───── Excerpted records
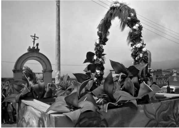
Figura 19: La fiesta patronal y el espacio ceremonial como patrimonio vivo.

nistas son los castillos de san Pedro y san Pablo, donde hacen gala los productos instalados en ellos con un sentido de tributo y agradecimiento, cuyo fin es que personas previamente seleccionadas por el comité organizador puedan tomar uno o varios productos de manera gratuita, convirtiéndose automáticamente en “compadres” o “comadres” de Jongovito. Pero aquí no termina todo; es también un acto sagrado la toma de productos de los castillos de los santos, ya que el compromiso no sólo es llevarse lo seleccionado, sino retornar el doble de la cantidad tomada en la próxima fiesta el año siguiente; si el nuevo compadre no cumple lo estipulado, se argumenta que los santos no acudirán a cumplirle con lo que solicitó en me-
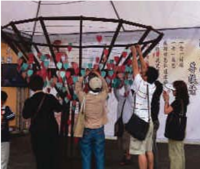
▲ 現場民眾寫下祈福心願高掛於祈願樹上

有機會沐浴佛法。因此為人子女要在今天這個特別的日子裡向父母祈願感恩，並依循佛陀的開示，過著自利而利人的生活。聖嚴法師簡潔的開示，讓與會人士如沐春風。臺北市政府民政局葉副局長傑生當日亦應邀參加盛會，在致詞時，特別代表臺北市政府祝福媽媽們母親節愉快，並祝福天下的媽媽們都能在浴佛典禮中同霑法喜。葉副局長於開幕式結束後與市民朋友們共同參與各攤位的遊戲，共享佛法喜樂。
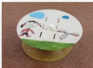
「かめかいじゅうのころころ」
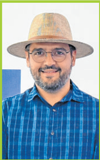
Valderico Júnior, prefeito de Ilhéus, cidade do sul baiano
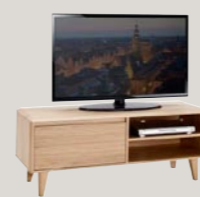
Szafka RTV 1K 128 / 44 / 50
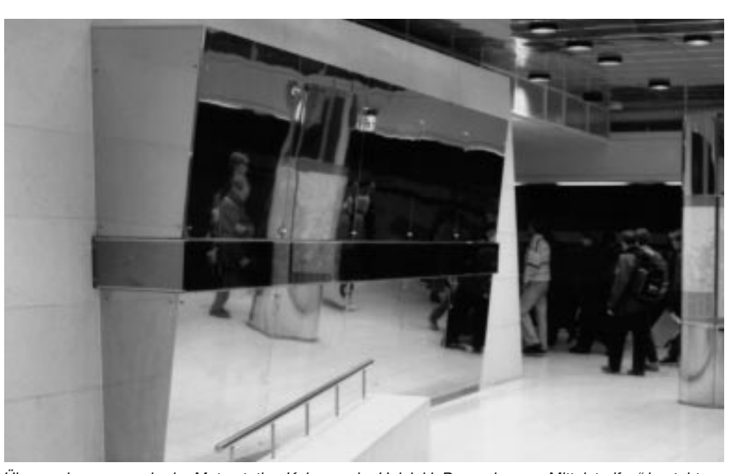
Überwachungsraum in der Metrostation Kaisameniu, Helsinki. Der "schwarze Mittelstreifen" besteht aus getöntem Glas, das einseitig transparent ist. Das dahinter platzierte Wachpersonal sieht die Passanten, die aber nicht die Überwacher.

Überwachung wird bei uns in öffentlichen Räumen de facto überhaupt nicht reguliert. Zwar
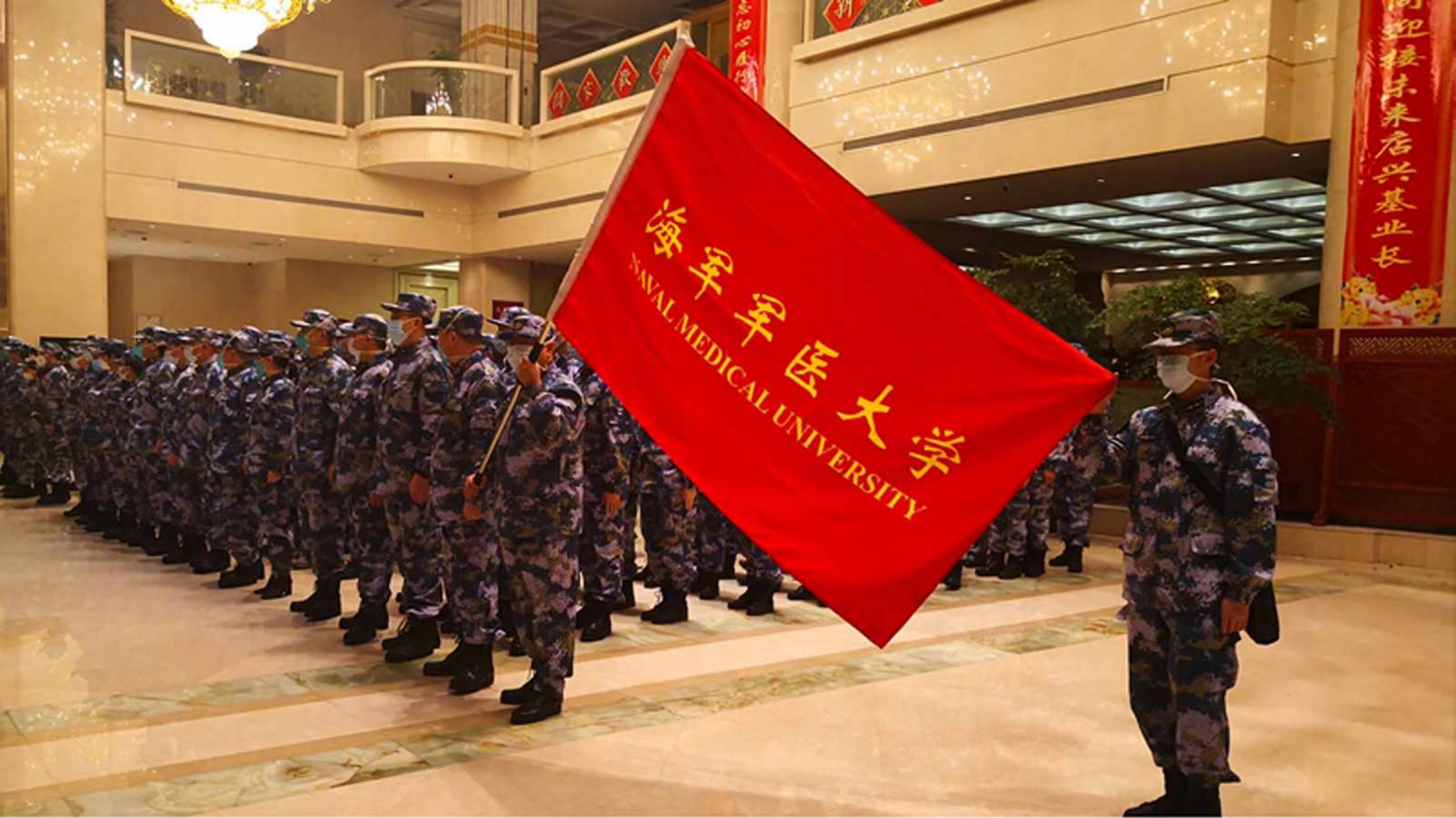
Military medics hold a ceremony before setting for Wuhan.
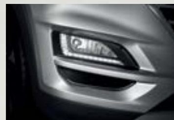
Dải đèn LED ban ngày sắc sảo
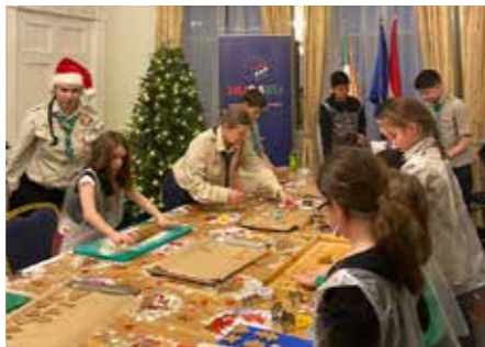
Mézeskalácskészítés a Dublini Magyar Cserkészekkel

A decemberi délután mézeskalácskészítés nyújtásával és szaggatásával indult, kicsik és nagyok lelkes közreműködésével. Amíg a sütőben sülték a finomságok, a résztvevők közösen zenéltek, énekeltek gyerekkorunk
──────────
Exercise objective: Output each record above exactly as it stands, excluding all pictures.

Solution to this problem:
Figura 19: La fiesta patronal y el espacio ceremonial como patrimonio vivo.

nistas son los castillos de san Pedro y san Pablo, donde hacen gala los productos instalados en ellos con un sentido de tributo y agradecimiento, cuyo fin es que personas previamente seleccionadas por el comité organizador puedan tomar uno o varios productos de manera gratuita, convirtiéndose automáticamente en “compadres” o “comadres” de Jongovito. Pero aquí no termina todo; es también un acto sagrado la toma de productos de los castillos de los santos, ya que el compromiso no sólo es llevarse lo seleccionado, sino retornar el doble de la cantidad tomada en la próxima fiesta el año siguiente; si el nuevo compadre no cumple lo estipulado, se argumenta que los santos no acudirán a cumplirle con lo que solicitó en me-
▲ 現場民眾寫下祈福心願高掛於祈願樹上

有機會沐浴佛法。因此為人子女要在今天這個特別的日子裡向父母祈願感恩，並依循佛陀的開示，過著自利而利人的生活。聖嚴法師簡潔的開示，讓與會人士如沐春風。臺北市政府民政局葉副局長傑生當日亦應邀參加盛會，在致詞時，特別代表臺北市政府祝福媽媽們母親節愉快，並祝福天下的媽媽們都能在浴佛典禮中同霑法喜。葉副局長於開幕式結束後與市民朋友們共同參與各攤位的遊戲，共享佛法喜樂。
「かめかいじゅうのころころ」
Valderico Júnior, prefeito de Ilhéus, cidade do sul baiano
Szafka RTV 1K 128 / 44 / 50
Überwachungsraum in der Metrostation Kaisameniu, Helsinki. Der "schwarze Mittelstreifen" besteht aus getöntem Glas, das einseitig transparent ist. Das dahinter platzierte Wachpersonal sieht die Passanten, die aber nicht die Überwacher.

Überwachung wird bei uns in öffentlichen Räumen de facto überhaupt nicht reguliert. Zwar
Military medics hold a ceremony before setting for Wuhan.
Dải đèn LED ban ngày sắc sảo
Mézeskalácskészítés a Dublini Magyar Cserkészekkel

A decemberi délután mézeskalácskészítés nyújtásával és szaggatásával indult, kicsik és nagyok lelkes közreműködésével. Amíg a sütőben sülték a finomságok, a résztvevők közösen zenéltek, énekeltek gyerekkorunk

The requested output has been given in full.